_Provided entries_.
..............................

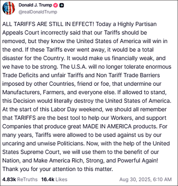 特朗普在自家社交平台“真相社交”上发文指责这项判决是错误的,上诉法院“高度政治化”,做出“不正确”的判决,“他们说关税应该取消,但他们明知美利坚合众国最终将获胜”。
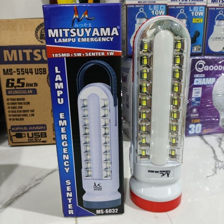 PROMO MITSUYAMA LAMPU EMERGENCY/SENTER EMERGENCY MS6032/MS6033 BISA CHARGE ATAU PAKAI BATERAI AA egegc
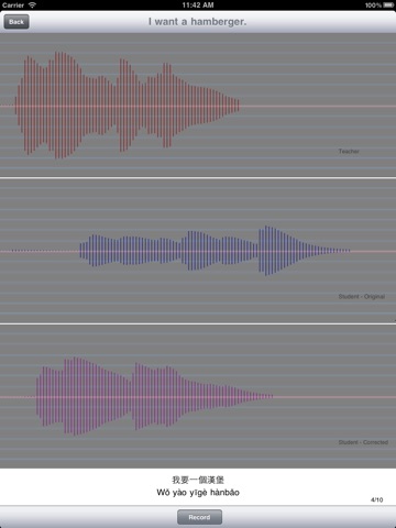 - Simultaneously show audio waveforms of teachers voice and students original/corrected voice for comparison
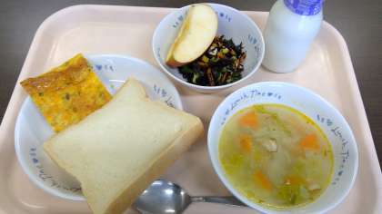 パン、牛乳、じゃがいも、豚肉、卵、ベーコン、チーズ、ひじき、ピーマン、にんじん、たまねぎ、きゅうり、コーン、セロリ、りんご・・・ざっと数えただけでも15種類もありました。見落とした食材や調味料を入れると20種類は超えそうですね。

..............................

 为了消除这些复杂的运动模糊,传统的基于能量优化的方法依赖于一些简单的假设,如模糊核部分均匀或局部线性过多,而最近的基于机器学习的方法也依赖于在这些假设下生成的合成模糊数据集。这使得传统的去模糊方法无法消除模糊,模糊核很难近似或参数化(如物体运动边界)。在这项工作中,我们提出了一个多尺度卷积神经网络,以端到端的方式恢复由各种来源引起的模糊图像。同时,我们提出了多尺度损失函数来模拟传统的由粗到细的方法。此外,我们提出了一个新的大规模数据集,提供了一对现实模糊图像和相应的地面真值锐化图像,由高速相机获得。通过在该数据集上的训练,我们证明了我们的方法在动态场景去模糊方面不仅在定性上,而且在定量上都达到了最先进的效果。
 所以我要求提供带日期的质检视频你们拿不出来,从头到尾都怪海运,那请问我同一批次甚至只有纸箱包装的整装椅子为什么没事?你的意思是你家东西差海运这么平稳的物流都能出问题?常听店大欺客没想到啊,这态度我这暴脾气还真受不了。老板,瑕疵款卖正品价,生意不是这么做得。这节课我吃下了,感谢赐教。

..............................

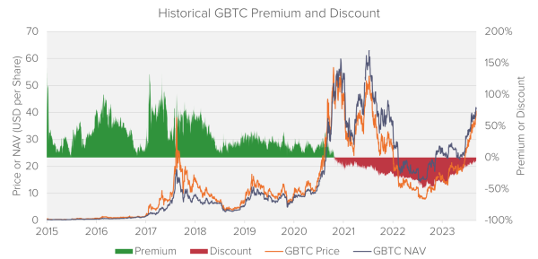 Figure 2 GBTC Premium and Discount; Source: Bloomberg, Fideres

..............................

_Required work_.
Repeat, word for word, the lines of the material above from the one holding "PROMO MITSUYAMA LAMPU" through the one holding "パン、牛乳、じゃがいも、豚肉". Leave out pictures.

_Response to the task_.
 PROMO MITSUYAMA LAMPU EMERGENCY/SENTER EMERGENCY MS6032/MS6033 BISA CHARGE ATAU PAKAI BATERAI AA egegc
 - Simultaneously show audio waveforms of teachers voice and students original/corrected voice for comparison
 パン、牛乳、じゃがいも、豚肉、卵、ベーコン、チーズ、ひじき、ピーマン、にんじん、たまねぎ、きゅうり、コーン、セロリ、りんご・・・ざっと数えただけでも15種類もありました。見落とした食材や調味料を入れると20種類は超えそうですね。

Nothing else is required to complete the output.